Karroubi alleged that the abuses took place at Tehran's Kahrizak prison, which has been the focus of all the torture claims so far and which Khamenei ordered closed earlier this month.

In a statement posted on his Web site late Thursday, Karroubi said he received testimonies from prisoners who recounted their own torture while in detention and from detainees who said they saw others being brutally tortured, some to death.

Karroubi slammed Larijani's speedy denial of the rape allegations, saying no probe could have been completed that fast. He also vowed he won't remain silent over the "medieval torture and corruption" in Iran's prisons.

"Insults and criticism won't make me silent.
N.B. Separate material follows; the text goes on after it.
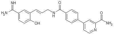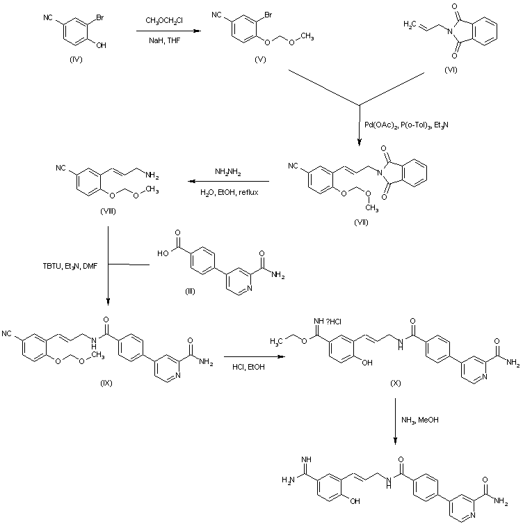 3-Bromo-4-hydroxybenzonitrile (IV) was protected as the methoxymethyl ether (V). Subsequent Heck reaction with N-allyl phthalimide (VI) produced adduct (VII). The phthaloyl group OF (VII) was then removed by hydrazinolysis to yield the primary amine (VIII), which was coupled with carboxylic acid (III) using TBTU to afford amide (IX). Pinner reaction of (IX) with concomitant methoxymethyl group deprotection gave imidate (X). Finally, ammonolysis of the imidate group of (X) furnished the title amidine.

I'll defend the rights of the people as long as I'm alive and you can't stop my tongue, hand and pen," said Karroubi, leader of the reformist National Confidence Party.

Reformists blame Ahmadinejad and his interior minister for the scandal, saying abuse at Kahrizak abuse has been like Iraq's notorious Abu Ghraib prison, where scenes of U.S. jailers mistreating Iraqi prisoners outraged the Islamic world.

Mousavi has said the abuse shows the need for "deep change" in the country.

Manfred Nowak, an independent investigator appointed by the U.N. Human Rights Council in Geneva, said Thursday he has received credible claims that Iranian protesters detained after the election were abused in prison.

Exterminator

"I truly believe that these complaints will stand up to scrutiny," he told The Associated Press.

The alleged abuses include holding people incommunicado and extracting confessions through torture, Nowak said.